KAKUA AND KANTOR
Silent concert for choir and mercury ocean. 06.21.06. and 09.24.07, International Day of Music (06) and La Merçé (07). Sant Sebastià Beach, BCN.
At dusk, Kántor, the character who directs the ocean waves as if he were conducting an orchestra, coincides with a group of silent musicians and the mute harmony of a soundless choir.
Hommage to Tadeusz Kantor and his piece “the sea concert”.
With Euskal Hiria Choir conducted by Pablo Vélez, Jacob Draminsky, Aurora Vélez, and the tuba players Sergi Vergés, David Parras, Toni Chelvi and Custodio Muñoz.
"In 1930s China, Kazantzaki's search takes him to a temple in Beijing, where he attends a silent concert. The musicians take their seats and tune their instruments. "The old master starts the gesture of clapping his hands, but his palms stop just before touching. It is the signal that this surprising mute concert can begin. The violinists lift up their bows and the flute players adjust their instruments on their lips, while their fingers move quickly over the holes. Absolute silence... Nothing is heard. It is like a concert taking place very far away (...)." J. Pezeu-Massabuau also makes reference to old Japanese celebrations where silent concerts were secretly held: "Everybody listened, and what they heard in it, nobody could repeat." (From David Le Breton's Silence, published in Spanish by Sequitur, 2001)
In this context, it is also essential to refer to 4'33", the famous silent piece by American composer John Cage. Written in 1952 and divided into three movements, it may be performed with any instrument or combination of instruments. The only unchanging aspect of 4'33'' is its duration. During that set period of time the performer, following the indications on the score, does not play a single note, which makes the piece absolutely contiguous with the world. It becomes the world itself. This way, Cage puts the audience in dialogue with nature and invites it to listen to ambient sounds. The significance given to the act of "listening" is probably Cage's most important legacy. "Music never stops; it is only the listening that is intermittent." This quote from Henry David Thoreau, the author of Walden, summarizes his message.

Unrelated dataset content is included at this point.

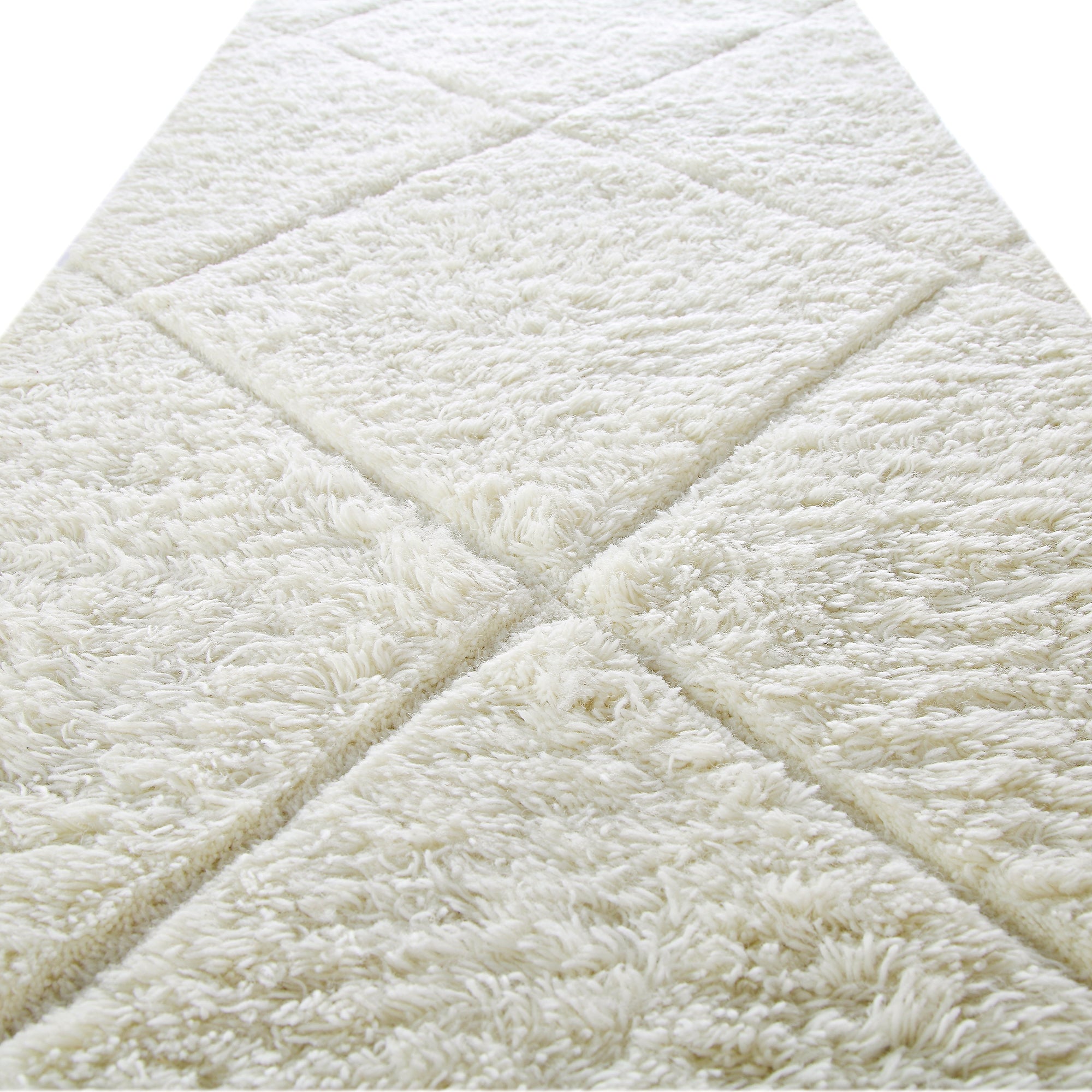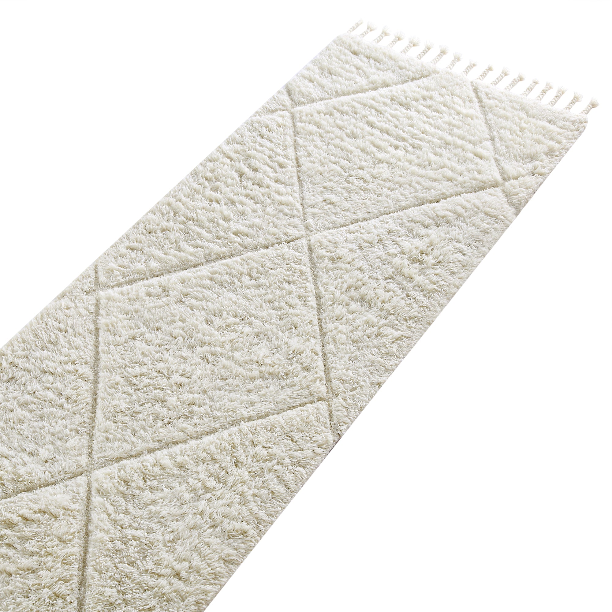 - The Lexi runner comprises of an eye-catching geometric design that forms part of the combination of dense low and high-pile wool, allowing the design to stand out whilst having a thick, fluffy feel underfoot.

Finally, we would like to mention a little known story involving German philosopher Theodor W. Adorno (1903-1969). According to this story, the only time Adorno visited Freiburg University--the turf of Martin Heidegger, his philosophical opponent--to give a lecture, Heidegger's students offered Adorno a string quartet concert during which the music was played, but not a single note was heard. With that, Heidegger's students alluded with irony to Adorno's aesthetic principle, according to which the work of art must not be disclosed under any circumstances.